Wednesday, December 24, 2014

Thomson Hutchinson gardens Abbeville, SC Jehu Foster Marshall




Tour of Gardens
The Garden Tours are Saturday April 12th from 1:00 PM until 5:00 PM.
Jehu Foster Marshall
Robertson-Hutchinson Garden
509 North Main Street
Mrs. May Hutchinson’s Garden will be on tour Saturday from 1 until 5 during the Abbeville French Heritage Festival. The 15 ft fountain built in the early 1800’s was restored recently. The garden is filled with flowering azaleas, magnolias and dogwoods. The redwood tree is a site to see. It is over 115 ft tall. Do not miss the small head stone marking the special family cats resting place.
Soon after J. Foster Marshall purchased 12 acres of land on North Main Street c. 1846, the front garden fountain began to take shape. Marshall was considered a sophisticated landscaper with plants, both exotic and otherwise, that were becoming readily available from Pomaria Nurseries near Newberry, South Carolina. Marshall's landscaping efforts were interrupted by the Mexican War as he served in the Palmetto Regiment.
Upon his return from the war, the landscaping started up again in earnest. It was during this period that we must assume, that the giant redwood [Sequoia Sempervirens] was planted. Boxwoods were planted in neat parterres, as well as magnolias, both bays and grandifloras.
By 1857, Marshall had the assistance of the Rev. Benjamin Johnson, rector of Trinity Episcopal Church in Abbeville who was also a landscaper.Existing records of the nursery show that Marshall ordered plants frequently. It was in these years that a 15 foot fountain [now being restored] was added to the south garden. Marshall's wife Elizabeth DeBruhl Marshall designed 
many of the geometric walkways.  After Col Marshall's death in 1862 she managed their vast holdings, plantations, and the house and gardens until her death in 1868.  Elizabeth was the daughter of Jesse DeBruhl who built the DeBruhl Marshall House in Columbia. 

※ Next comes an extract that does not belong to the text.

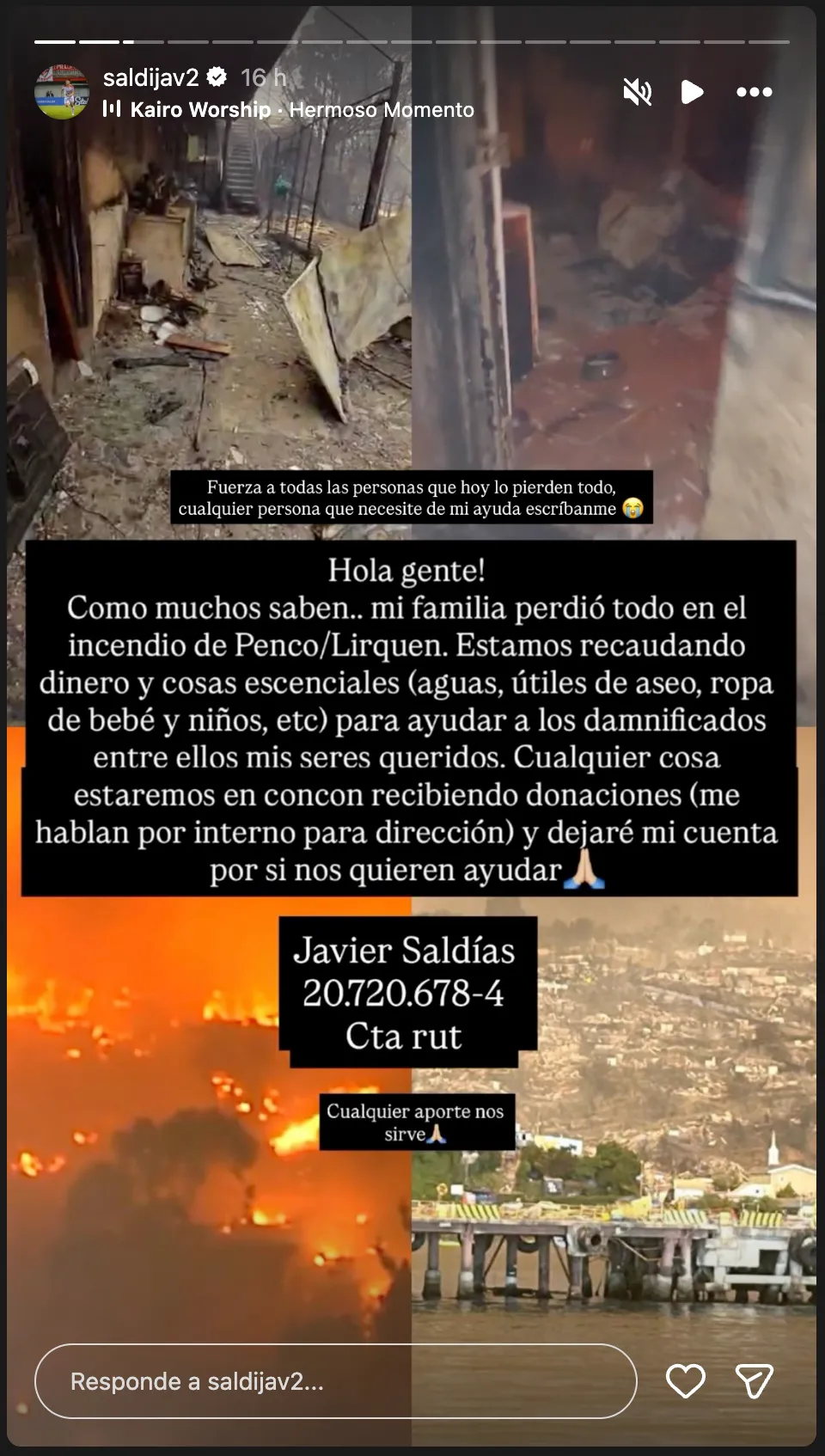Otro que está lamentando esta tragedia es el lateral de Unión La Calera, Javier Saldías, quien vivía en una de las zonas más devastadas por el fuego.

This property came into the Robertson family in 1872 and additions were made to the garden at that time. Eugenia Robertson Baskin added azaleas and tended the garden lovingly until her death.Her daughter, May Robertson Baskin Hutchinson, the present owner, is now the caretaker and her daughters Jean Robertson Hutchinson and Ann Hutchinson Waigand who played in the garden on summer visits now carry on the tradition of coming home to work in the garden.